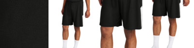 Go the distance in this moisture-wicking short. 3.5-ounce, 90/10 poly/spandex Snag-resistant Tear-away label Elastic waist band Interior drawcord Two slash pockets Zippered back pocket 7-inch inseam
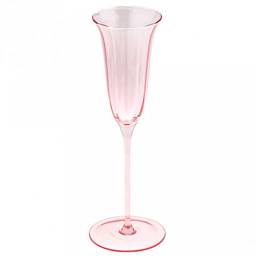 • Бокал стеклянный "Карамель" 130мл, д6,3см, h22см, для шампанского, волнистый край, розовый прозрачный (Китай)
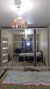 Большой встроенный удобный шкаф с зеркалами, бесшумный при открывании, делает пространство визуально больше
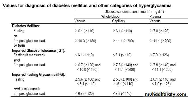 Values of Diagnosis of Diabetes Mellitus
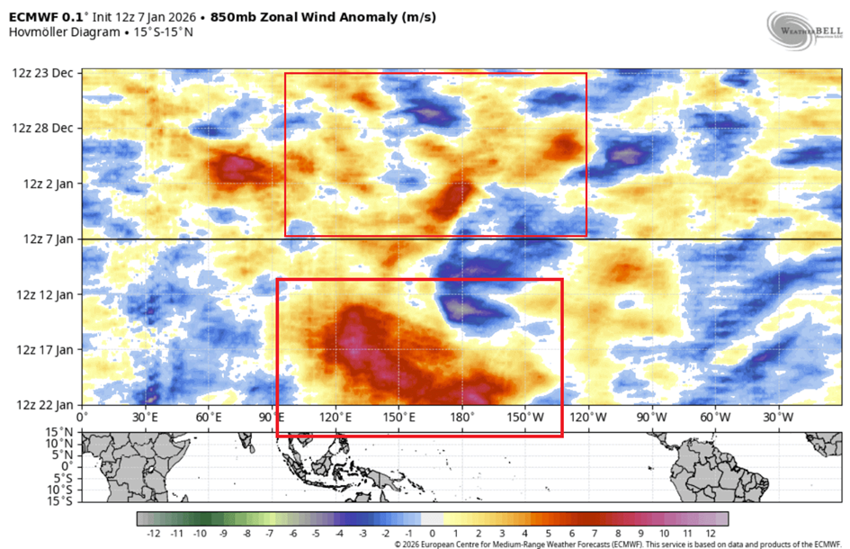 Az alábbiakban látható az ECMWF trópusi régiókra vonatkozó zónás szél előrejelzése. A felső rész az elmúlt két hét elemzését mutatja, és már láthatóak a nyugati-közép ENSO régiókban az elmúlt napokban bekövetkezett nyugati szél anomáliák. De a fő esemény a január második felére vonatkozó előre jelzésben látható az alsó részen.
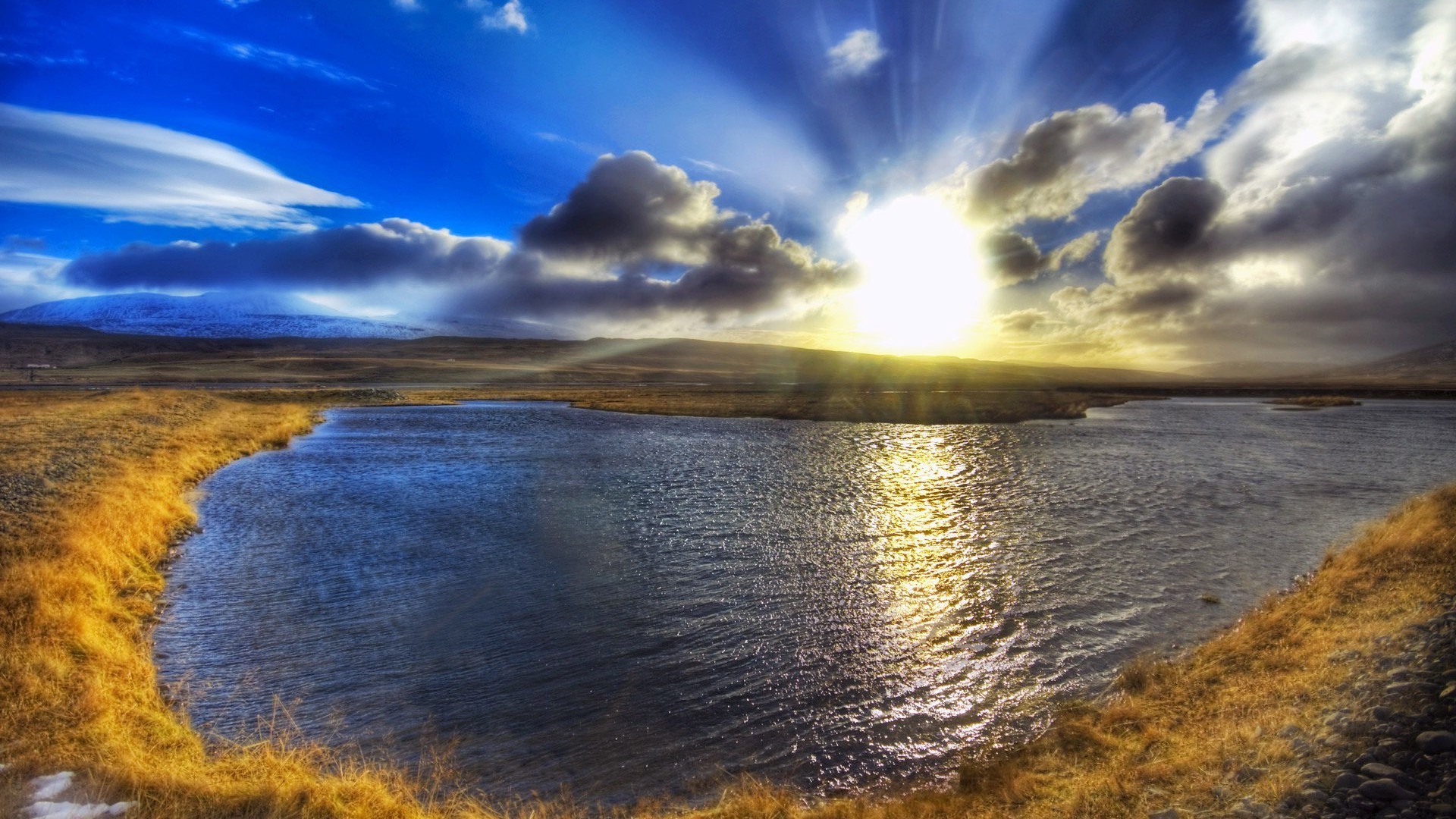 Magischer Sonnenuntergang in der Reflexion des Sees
==
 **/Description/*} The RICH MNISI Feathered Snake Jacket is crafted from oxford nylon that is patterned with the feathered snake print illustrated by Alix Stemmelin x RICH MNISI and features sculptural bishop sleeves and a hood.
...
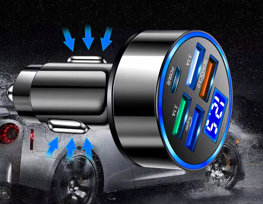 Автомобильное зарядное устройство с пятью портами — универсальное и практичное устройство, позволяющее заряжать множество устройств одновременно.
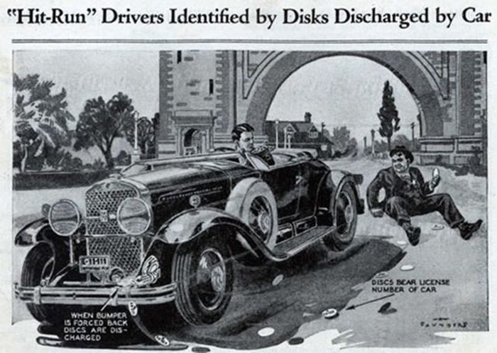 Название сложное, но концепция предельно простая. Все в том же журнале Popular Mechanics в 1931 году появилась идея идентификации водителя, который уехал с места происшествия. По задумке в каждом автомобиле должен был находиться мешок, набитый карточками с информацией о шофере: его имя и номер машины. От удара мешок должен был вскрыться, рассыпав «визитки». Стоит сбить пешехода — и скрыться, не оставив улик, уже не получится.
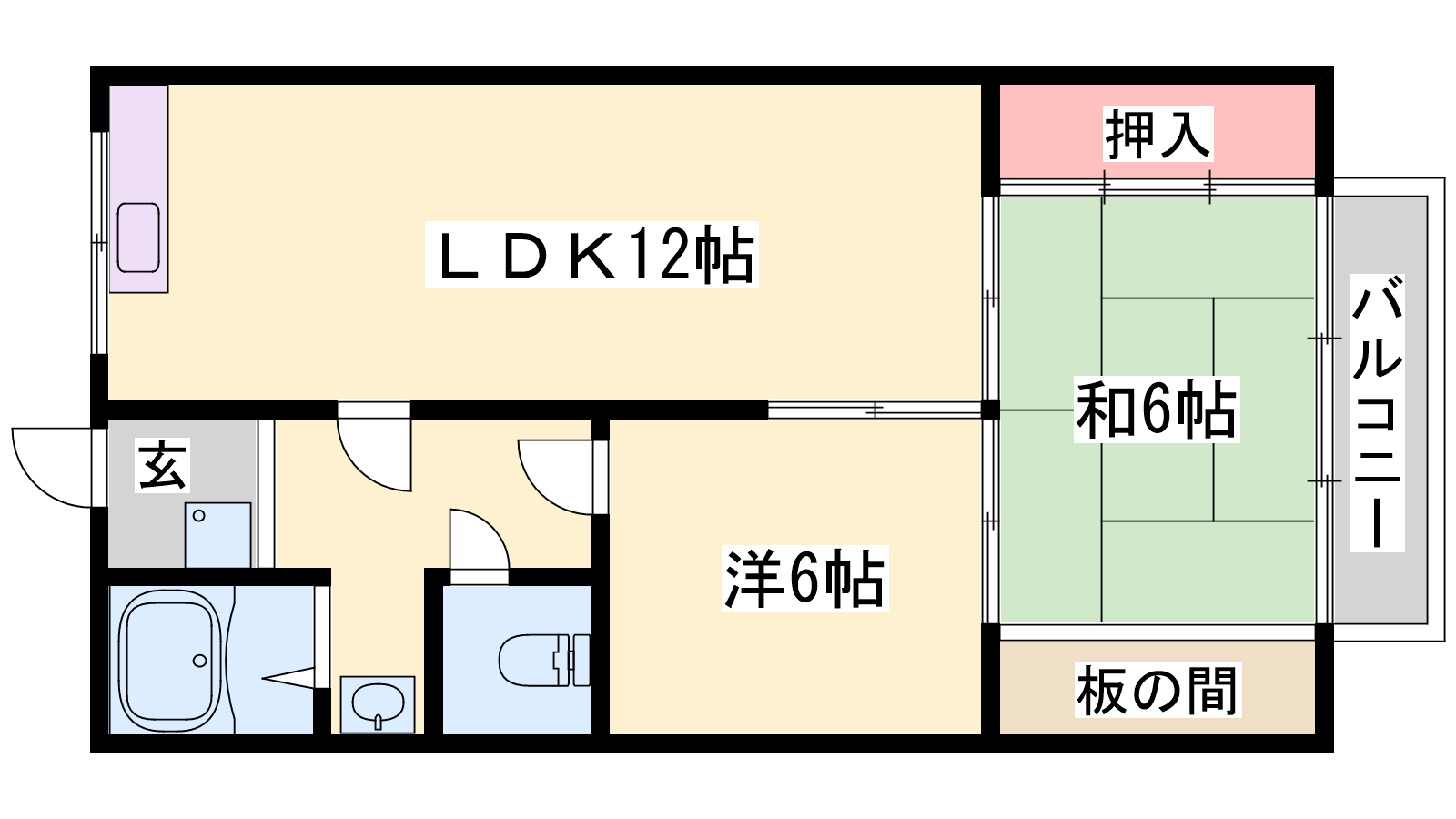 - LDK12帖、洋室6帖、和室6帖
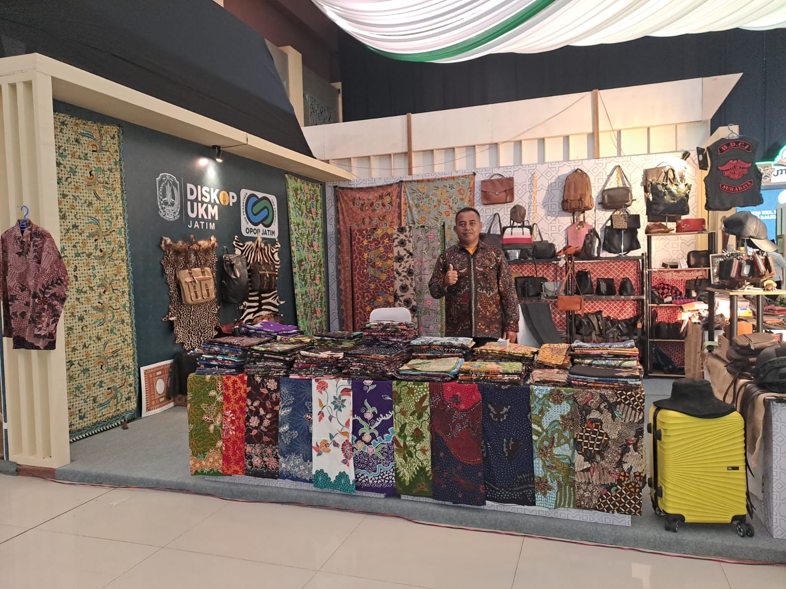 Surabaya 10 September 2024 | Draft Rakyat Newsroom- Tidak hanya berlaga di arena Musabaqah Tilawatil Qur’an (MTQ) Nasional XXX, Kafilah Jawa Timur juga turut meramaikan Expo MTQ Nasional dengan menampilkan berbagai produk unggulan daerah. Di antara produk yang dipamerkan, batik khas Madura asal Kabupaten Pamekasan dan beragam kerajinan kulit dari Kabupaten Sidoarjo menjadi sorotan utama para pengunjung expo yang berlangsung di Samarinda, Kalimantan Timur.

» TASK TO COMPLETE
Restate the lines above from the one containing "Название сложное, но" through the one containing "Surabaya 10 September", inclusive, exactly and without pictures.

» WRITTEN RESPONSE
 Название сложное, но концепция предельно простая. Все в том же журнале Popular Mechanics в 1931 году появилась идея идентификации водителя, который уехал с места происшествия. По задумке в каждом автомобиле должен был находиться мешок, набитый карточками с информацией о шофере: его имя и номер машины. От удара мешок должен был вскрыться, рассыпав «визитки». Стоит сбить пешехода — и скрыться, не оставив улик, уже не получится.
 - LDK12帖、洋室6帖、和室6帖
 Surabaya 10 September 2024 | Draft Rakyat Newsroom- Tidak hanya berlaga di arena Musabaqah Tilawatil Qur’an (MTQ) Nasional XXX, Kafilah Jawa Timur juga turut meramaikan Expo MTQ Nasional dengan menampilkan berbagai produk unggulan daerah. Di antara produk yang dipamerkan, batik khas Madura asal Kabupaten Pamekasan dan beragam kerajinan kulit dari Kabupaten Sidoarjo menjadi sorotan utama para pengunjung expo yang berlangsung di Samarinda, Kalimantan Timur.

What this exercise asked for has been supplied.